The law, of course, is all about  making such  distinctions and making them stick through various sanctions. As a legal category, trespass is a tort, which covers violations to the person, including the right to privacy,  to chattels, or personal possessions, and most significantly, to the private ownership of land. So it’s a pretty broad definition of infringement which conflates personal liberty with property ownership  and  includes   physical threats, false imprisonment, the posting of unsolicited  email, IDF theft   and  political acts like the famous Kinder Scout Trespass, which challenged the prerogatives of private landlords over the countryside  in the name of public amenity and the collective right to roam.  The history of trespass is intricately connected to that of  the commons, to common law and to struggles over access  to public space  and amenity. The term itself  came into being in  the long and uneven transition from Feudalism, specifically in  relation to the enclosure of forests, and  the expropriation of customary rights of peasants over its usage as a source of food or other provision,( assarting,  scavanging of timber and fruits,  hunting of hares and rabbits etc). Yet even here the legal concept of trespass often blurs the distinction between civil and criminal law.

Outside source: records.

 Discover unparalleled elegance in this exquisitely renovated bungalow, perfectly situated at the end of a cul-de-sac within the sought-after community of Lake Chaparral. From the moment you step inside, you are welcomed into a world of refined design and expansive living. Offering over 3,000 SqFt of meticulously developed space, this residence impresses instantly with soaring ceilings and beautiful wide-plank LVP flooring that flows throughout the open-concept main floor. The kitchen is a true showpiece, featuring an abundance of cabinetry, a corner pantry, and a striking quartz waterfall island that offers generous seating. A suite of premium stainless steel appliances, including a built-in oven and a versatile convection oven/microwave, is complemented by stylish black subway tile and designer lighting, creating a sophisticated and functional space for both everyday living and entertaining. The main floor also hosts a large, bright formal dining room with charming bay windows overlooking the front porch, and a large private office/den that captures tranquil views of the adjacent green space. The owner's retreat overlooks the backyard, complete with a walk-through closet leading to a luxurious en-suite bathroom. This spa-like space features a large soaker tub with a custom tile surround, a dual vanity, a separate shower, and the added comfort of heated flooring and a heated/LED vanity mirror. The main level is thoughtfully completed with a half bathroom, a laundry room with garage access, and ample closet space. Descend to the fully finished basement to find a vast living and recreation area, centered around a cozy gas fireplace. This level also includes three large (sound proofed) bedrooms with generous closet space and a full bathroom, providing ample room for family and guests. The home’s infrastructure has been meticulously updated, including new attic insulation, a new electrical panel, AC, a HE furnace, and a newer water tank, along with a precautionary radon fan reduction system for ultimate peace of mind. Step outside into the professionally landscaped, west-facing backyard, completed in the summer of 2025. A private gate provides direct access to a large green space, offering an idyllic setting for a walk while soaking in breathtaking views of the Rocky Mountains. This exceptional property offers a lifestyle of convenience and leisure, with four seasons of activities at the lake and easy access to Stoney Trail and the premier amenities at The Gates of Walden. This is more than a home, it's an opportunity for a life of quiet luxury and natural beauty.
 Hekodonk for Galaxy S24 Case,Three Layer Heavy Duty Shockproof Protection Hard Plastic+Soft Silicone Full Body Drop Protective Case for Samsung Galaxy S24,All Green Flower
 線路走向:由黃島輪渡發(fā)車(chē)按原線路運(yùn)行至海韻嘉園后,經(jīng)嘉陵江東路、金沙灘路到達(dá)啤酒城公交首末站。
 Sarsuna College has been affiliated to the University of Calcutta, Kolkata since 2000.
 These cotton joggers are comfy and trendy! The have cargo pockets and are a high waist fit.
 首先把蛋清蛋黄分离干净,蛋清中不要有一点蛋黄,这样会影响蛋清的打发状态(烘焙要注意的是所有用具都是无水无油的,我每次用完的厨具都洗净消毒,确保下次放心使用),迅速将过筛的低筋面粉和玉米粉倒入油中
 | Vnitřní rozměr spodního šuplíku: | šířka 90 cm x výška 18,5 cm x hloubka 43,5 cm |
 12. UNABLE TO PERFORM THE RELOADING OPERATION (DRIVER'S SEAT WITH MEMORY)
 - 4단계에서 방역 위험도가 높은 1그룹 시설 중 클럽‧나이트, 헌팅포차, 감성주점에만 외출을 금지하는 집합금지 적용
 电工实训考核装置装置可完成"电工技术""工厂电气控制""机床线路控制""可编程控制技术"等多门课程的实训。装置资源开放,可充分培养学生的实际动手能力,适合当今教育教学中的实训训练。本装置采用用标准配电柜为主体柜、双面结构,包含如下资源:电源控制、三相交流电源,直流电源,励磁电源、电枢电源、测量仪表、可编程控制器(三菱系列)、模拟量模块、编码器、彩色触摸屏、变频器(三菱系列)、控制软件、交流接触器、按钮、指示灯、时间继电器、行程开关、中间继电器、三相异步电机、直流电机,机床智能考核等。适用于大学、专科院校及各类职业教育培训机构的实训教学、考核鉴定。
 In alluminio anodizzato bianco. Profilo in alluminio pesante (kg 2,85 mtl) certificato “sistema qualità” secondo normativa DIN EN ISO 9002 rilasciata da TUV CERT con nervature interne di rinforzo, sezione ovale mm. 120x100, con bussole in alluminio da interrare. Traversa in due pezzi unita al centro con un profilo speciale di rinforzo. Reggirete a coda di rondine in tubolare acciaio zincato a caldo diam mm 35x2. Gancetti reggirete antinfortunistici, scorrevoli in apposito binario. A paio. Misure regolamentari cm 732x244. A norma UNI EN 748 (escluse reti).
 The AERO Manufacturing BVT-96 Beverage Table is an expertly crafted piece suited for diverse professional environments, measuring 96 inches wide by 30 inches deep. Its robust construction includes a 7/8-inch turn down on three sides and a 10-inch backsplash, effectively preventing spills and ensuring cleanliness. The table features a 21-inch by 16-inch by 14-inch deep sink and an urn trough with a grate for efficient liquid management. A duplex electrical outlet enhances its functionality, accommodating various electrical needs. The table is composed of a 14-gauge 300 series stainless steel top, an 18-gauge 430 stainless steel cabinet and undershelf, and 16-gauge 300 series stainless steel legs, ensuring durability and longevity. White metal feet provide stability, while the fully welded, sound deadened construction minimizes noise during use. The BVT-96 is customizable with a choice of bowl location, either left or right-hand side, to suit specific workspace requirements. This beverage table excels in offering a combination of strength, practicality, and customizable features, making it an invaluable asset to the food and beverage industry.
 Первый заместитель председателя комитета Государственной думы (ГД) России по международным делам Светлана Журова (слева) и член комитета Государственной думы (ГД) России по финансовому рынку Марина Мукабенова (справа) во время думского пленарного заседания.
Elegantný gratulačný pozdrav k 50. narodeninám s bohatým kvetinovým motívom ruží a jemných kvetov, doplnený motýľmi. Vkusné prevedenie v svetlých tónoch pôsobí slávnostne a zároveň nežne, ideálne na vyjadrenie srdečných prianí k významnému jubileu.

It seems to me that the notion of transgression and the illicit which is evoked metaphorically by trespass  has deeper, more unconscious, roots  than those  admitted by legal notions,  bound as they are to a  narrow model of human intentionality. Here is how  Margaret Drabble in her short story ‘Trespass’ describes the obsession of her heroine, who, might just be herself:

‘ She was attracted to “keep out” notices and enjoyed breaching boundaries and exploring forbidden ground. She dated this tendency to the early thrill of breaking into the abandoned garden of a large derelict house which she and her two friends passed every day on their way home from school. The front gate to the drive was chained and padlocked, but it was easy to squeeze through the fence and set up a little camp in the overgrown shrubbery. They called their camp the Wilderness, a word that delighted them. They would crouch there and eat the lurid little shop tartlets of scarlet jam and glaringly white artificial piped cream that they had bought with the money they had saved from their bus fares. Their mothers would have disapproved, both of the trespass and of the tartlets, but the sense of the illicit added to the pleasure.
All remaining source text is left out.